Uber may be out of the game in China, but that doesn’t mean that Americans and other English speakers are out of luck. Didi Chuxing, China’s homegrown ridesharing service (which successfully pushed Travis Kalanick’s empire out of the country last year) has now introduced an English language app for riders in Shanghai, Beijing, and Guangzhou. And while the tourist-friendly app is starting in those three cities, Didi plans to unveil the app in other parts of China as well as it pushes toward further expansion and internationalization.
The app has actually been in testing mode since February of this year, and boasts a suite of features that will make getting around China a breeze, even with the language barrier.

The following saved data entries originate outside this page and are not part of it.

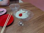 Очень понравилась подача блюд, интересная идея с цветными тарелочками. Оформление зала 5 баллов! Поезд, привозящий заказ, - это просто восторг! Бесплатный чай и соус, красивая посуда. Организаторы - гении маркетинга, очень хочется прийти сюда еще. Единственное предостережение: осторожнее с перечным мороженым, очень нетрадиционное сочетание мороженого, жареного и зеленого лука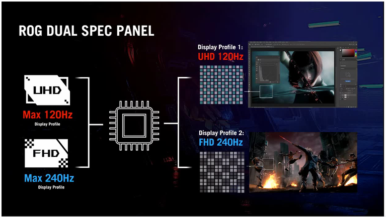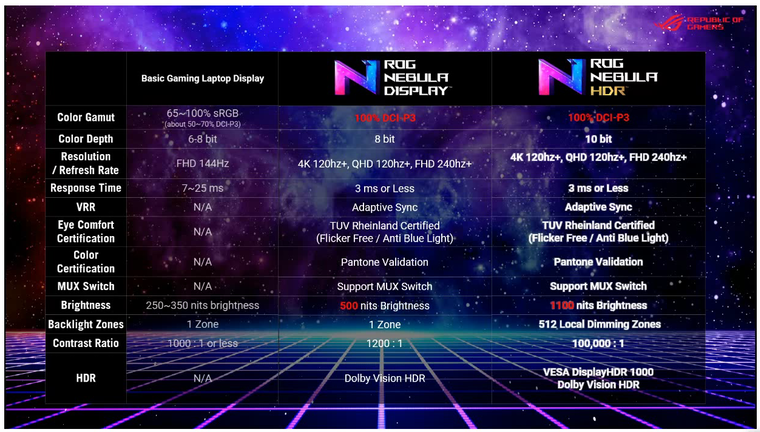 A megjelenítési oldalon kiemelnénk, hogy valamennyi új ROG notebookban helyet kap egy MUX átkapcsoló, így a dedikált és az integrált GPU egyaránt közvetlenül (vagyis a MUX-on keresztül) csatlakozik a képernyőhöz, ami energiát takarít meg és a teljesítményt is növeli. Ez a „direct GPU” üzemmód az ASUS állítása szerint a késleltetést is csökkenti, a megjelenítés gyorsulása pedig átlagosan 9% lesz. A direktebb kapcsolatot a külső megjelenítők használatakor is élvezhetjük, ugyanis mind a HDMI, mind a DisplayPort közvetlenül a dGPU-hoz csatlakozik valamennyi modellnél. A dupla Type-C konnektorral rendelkező ROG notebookokban az egyik az iGPU-val, a másik a dGPU-val áll közvetlen kapcsolatban, és ez utóbbi G-Syncket is kínál. A képernyők esetében egy új marketingnévvel kell megismerkednünk, ez az ROG Nebula. Ezzel az ASUS egyfajta szabványt kívánt teremteni, és meghatározni olyan minimumkövetelményeket, melyeket az adott panelnek teljesítenie kell ahhoz, hogy „Nebula” (illetve Nebula HDR) kijelzőnek nevezhessük.
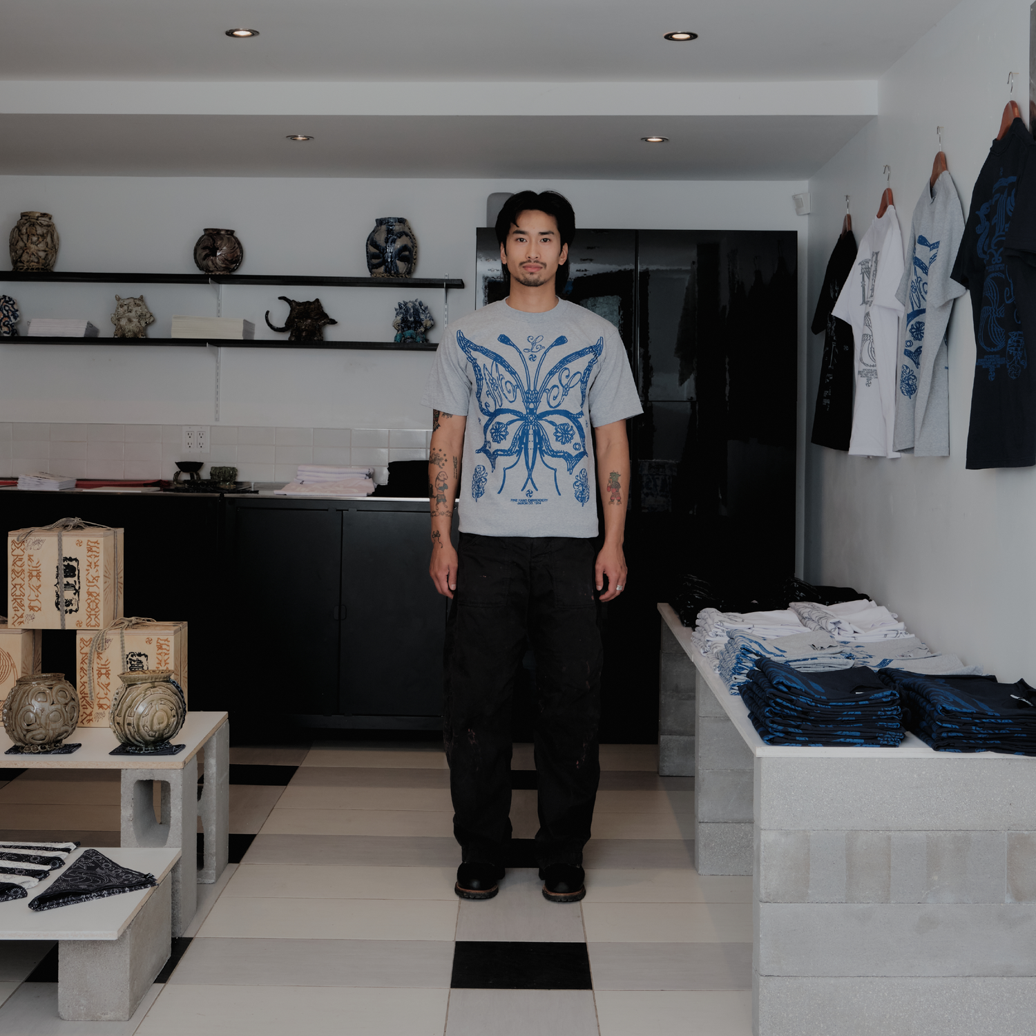In this grey edition, the Woven Butterfly Tee from MemoryLand Studio offers a softer backdrop for its flight. Made in Montréal from 100% cotton, the shirt’s surface is interrupted only by the navy screen‑printed butterflies, creating contrast without chaos. The true‑to‑size fit make it a reliable daily piece, while the design whispers of transformation and quiet rebellion. It’s understated, but never unnoticed.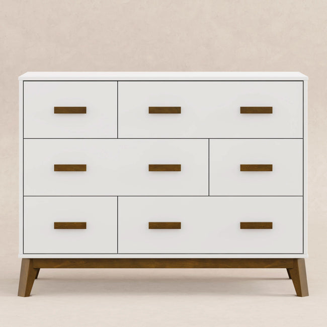 The Scoot 6-Drawer Dresser is the definition of mid-century modern style. The perfect accompaniment to your Scoot 3-in-1 Crib with matching tapered feet and two-toned or solid color detailing. With six smooth-glide drawers, this versatile unit provides a range of practical storage possibilities to suit all of your nursery needs.

The app has a message-translating service that will let riders communicate directly with drivers, even if they don’t speak the same language. The real-time translation function will doubtless help Didi compete against traditional taxi services, at least insofar as foreign business is concerned.
Moreover, Didi has also made it possible for users to register with a Hong Kong, Taiwan, Thailand, South Korea, Japan, United Kingdom, France, Australia, Canada, United States, or Brazil phone number. This marks a departure from its long-held previous stance of requiring a Chinese mobile number in order to set up an account. And finally, the company will also begin accepting “major international credit cards,” so you don’t have to get a WeChat Wallet or Alipay just to take a ride.
“The internationalization of local services is an important part of Didi’s global strategy,” the company said in a statement. Indeed, Didi hopes that it will soon be in countries beyond China, as the South China Morning Post reported that the firm had established an international division to look into exploring new markets. Part of the motivation to go abroad has to do with bureaucratic pressures in China, Shaun Rein, managing director of China Market Research Group, told the Financial Times. He noted, “[Didi has] to expand abroad because they’re being hit by the regulators at home.”
Already, Didi has moved into South America by way of a partnership with Brazilian ridesharing service 99. So look out, Uber and Lyft. Didi may be coming for you on your home turf, too.